In considering the motion, the Court assumes the complaint's allegations truth and draws all reasonable inferences in the non-movant's favor. Wolfe v. Strankman, 392 F.3d 358, 362 (9th Cir. 2004). Like a motion under Rule 12(b)(6), in addition to considering the allegations of the complaint, the Court may also consider materials subject to judicial notice. Heliotrope Gen., Inc. v. Ford Motor Co., 189 F.3d 971, 981 (9th Cir. 1999). A Rule 12(c) motion for judgment on the pleadings may thus be granted if, after assessing both the complaint and matters subject to judicial notice, it appears “beyond doubt that the [non-moving party] cannot prove any facts that would support his claim for relief.” R.J. Corman Derailment Servs., LLC v. Int'l Union of Operating Eng'rs, Local 150, AFL-CIO, 335 F.3d 643, 647 (7th Cir. 2003).

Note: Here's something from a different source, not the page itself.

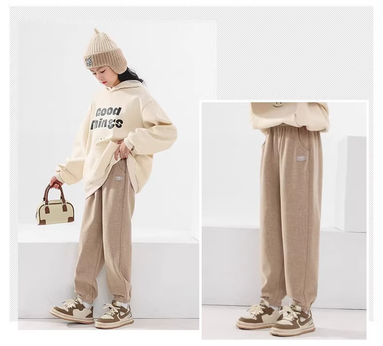 小猪彼特女童春秋套装儿童2025新款新年衣服中大童洋气运动服女孩时髦12岁 4827杏色+16317浅咖色【春秋款】 160 cm
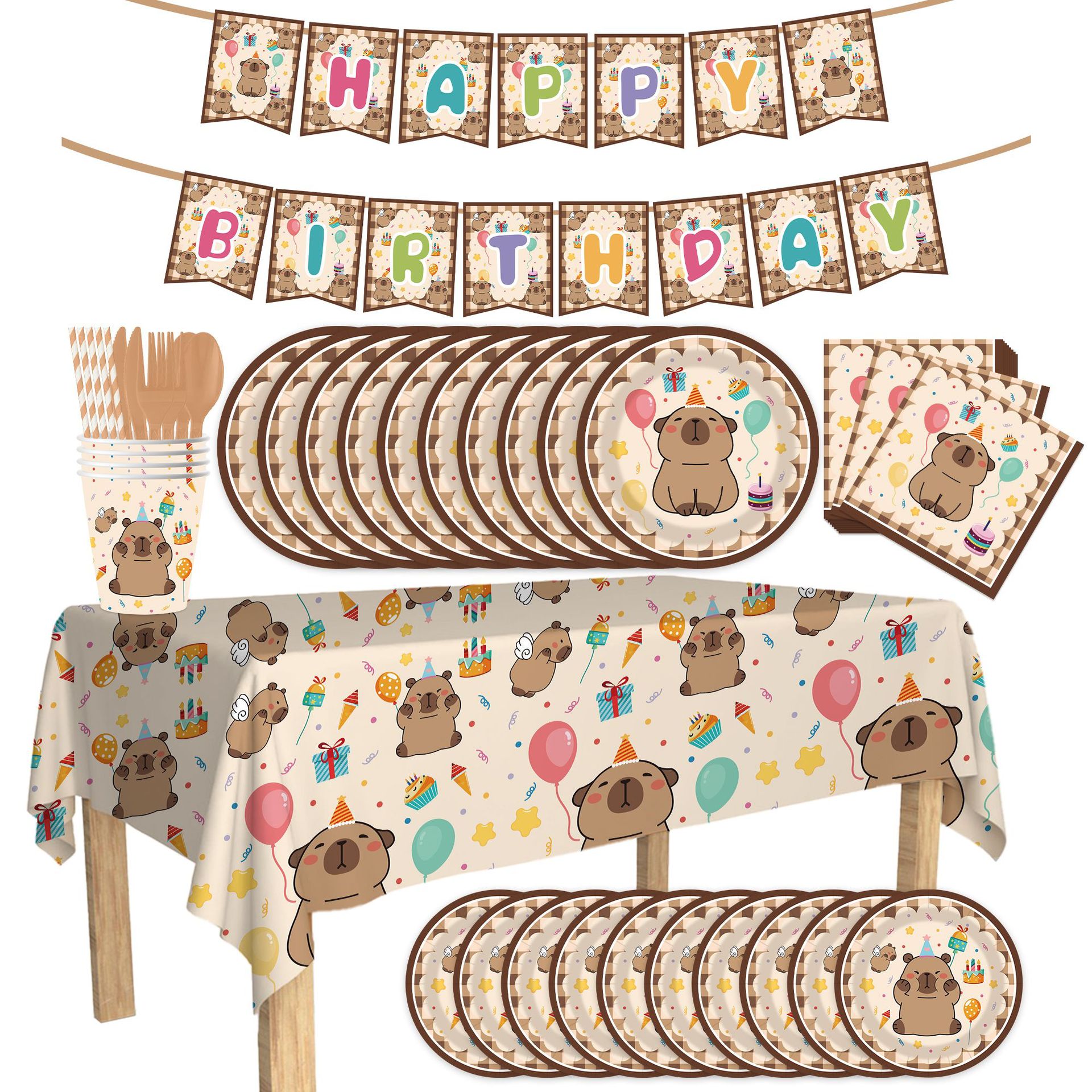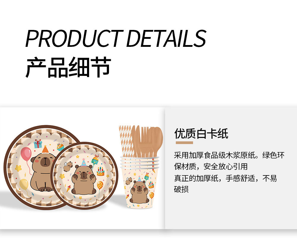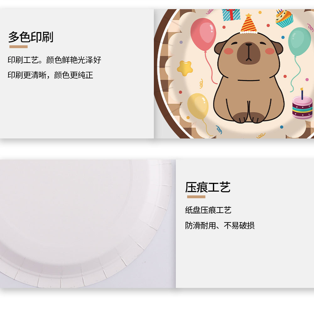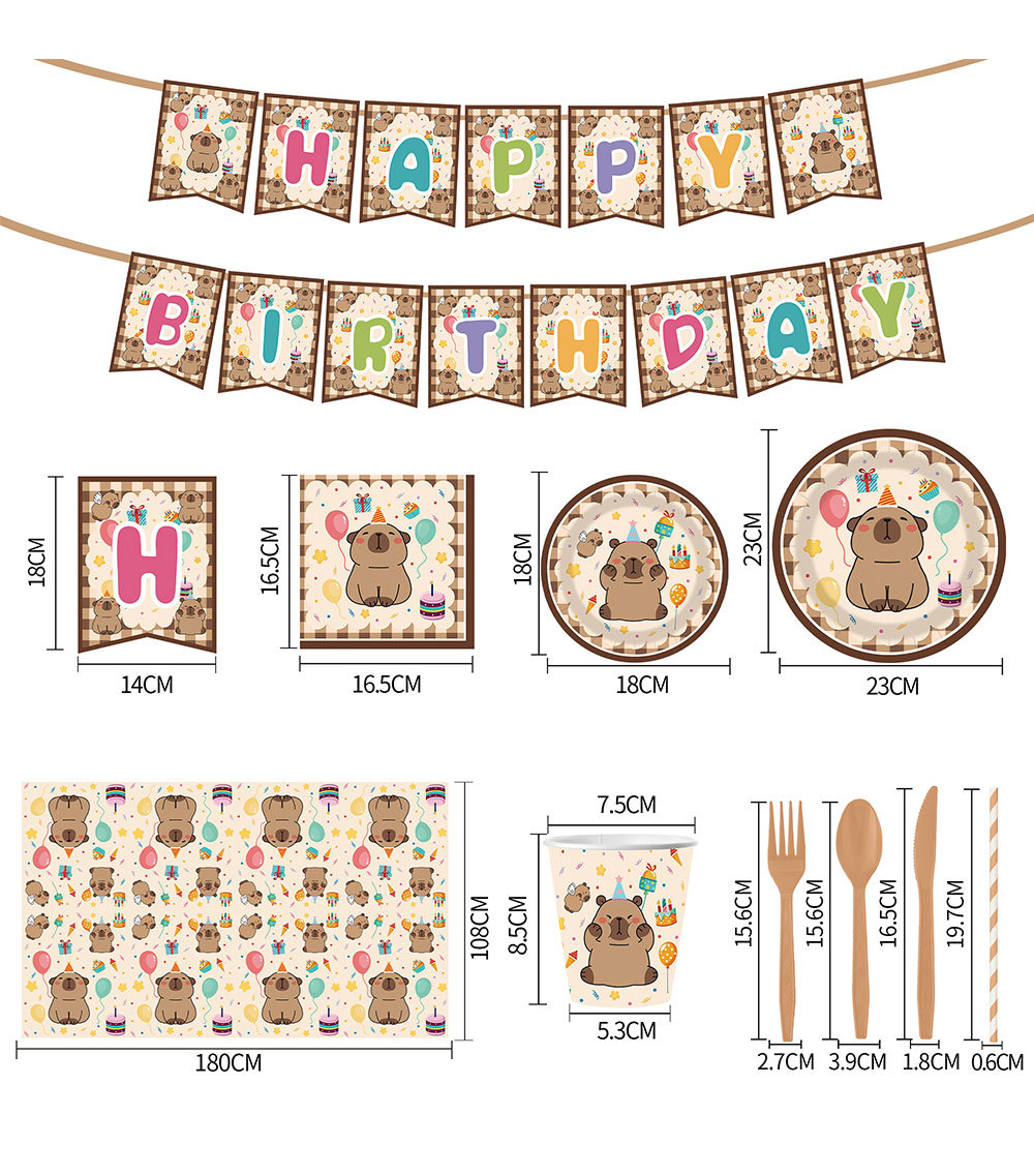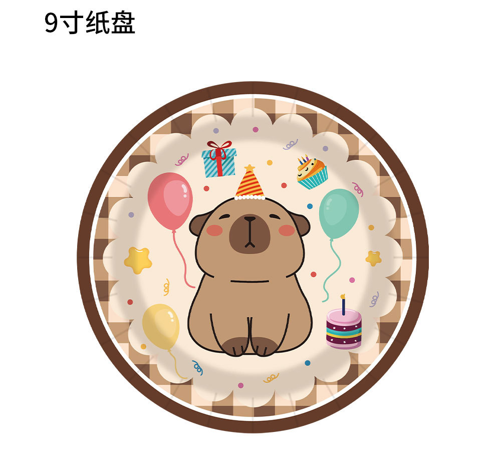 卡皮巴拉卡通主题生日派对餐具一次性纸盘纸杯纸巾布置桌布拉旗

Although Rule 12(c) makes no mention of leave to amend, “courts have discretion both to grant a Rule 12(c) motion with leave to amend . . . and to simply grant dismissal of the action instead of entry of judgment.” Mitchell v. Corelogic, Inc., No. SA 17-CV-2274-DOC (DFMx), 2019 WL 7172978, at *4 (C.D. Cal. Nov. 20, 2019) (citing Carmen v. S.F. Unified Sch. Dist., 982 F.Supp. 1396, 1401 (N.D. Cal. 1997) and Moran v. Peralta Cmty. College Dist., 825 F.Supp. 891, 893 (N.D. Cal. 1993)); see also Harris v. Cnty. of Orange, 682 F.3d 1126, 1131, 1134-35 (9th Cir. 2012) (affirming district court's dismissal under Rule 12(c) but reversing for failure to grant leave to amend). Under Rule 15(a) of the Federal Rules of Civil Procedure, leave to amend “shall be freely given when justice so requires, ” bearing in mind “the underlying purpose of Rule 15 to facilitate decisions on the merits, rather than on the pleadings or technicalities.” Lopez v. Smith, 203 F.3d 1122, 1127 (9th Cir. 2000) (en banc) (alterations and internal quotation marks omitted). When granting judgment on the pleadings, “a district court should grant leave to amend even if no request to amend the pleading was made, unless it determines that the pleading could not possibly be cured by the allegation of other facts.” Id. at 1130 (internal quotation marks omitted).
III. DISCUSSION
A. Request for Judicial Notice
“Because motions for judgment on the pleadings are ‘functionally identical' to Rule 12(b)(6) motions, when ruling on either type of motion ‘courts must consider the complaint in its entirety, as well as other sources . . ., in particular, documents incorporated into the complaint by reference, and matters of which a court may take judicial notice.'” Webb v. Trader Joe's Co., 999 F.3d 1196, 1201 (9th Cir. 2021) (citing Tellabs, Inc. v. Makor Issues & Rights, Ltd., 551 U.S. 308, 322 (2007); Cafasso, 637 F.3d at 1054 n.4)) (internal quotation marks and citations omitted). A court generally may not consider any material beyond the pleadings when ruling on a Rule 12(b)(6) motion. If matters outside the pleadings are considered, “the motion must be treated as one for summary judgment under Rule 56.” Fed.R.Civ.P. 12(d). However, documents appended to the complaint, incorporated by reference in the complaint, or which properly are the subject of judicial notice may be considered along with the complaint when deciding a Rule 12(b)(6) motion. Khoja v. Orexigen Therapeutics, 899 F.3d 988, 998 (9th Cir. 2018); see also Hal Roach Studios, Inc. v. Richard Feiner & Co., Inc., 896 F.2d 1542, 1555 n.19 (9th Cir. 1990). Likewise, a court may consider matters that are “capable of accurate and ready determination by resort to sources whose accuracy cannot reasonably be questioned.” Roca v. Wells Fargo Bank, N.A., No. 15-cv-02147-KAW, 2016 WL 368153, at *3 (N.D. Cal. Feb. 1, 2016) (quoting Fed.R.Evid. 201(b)).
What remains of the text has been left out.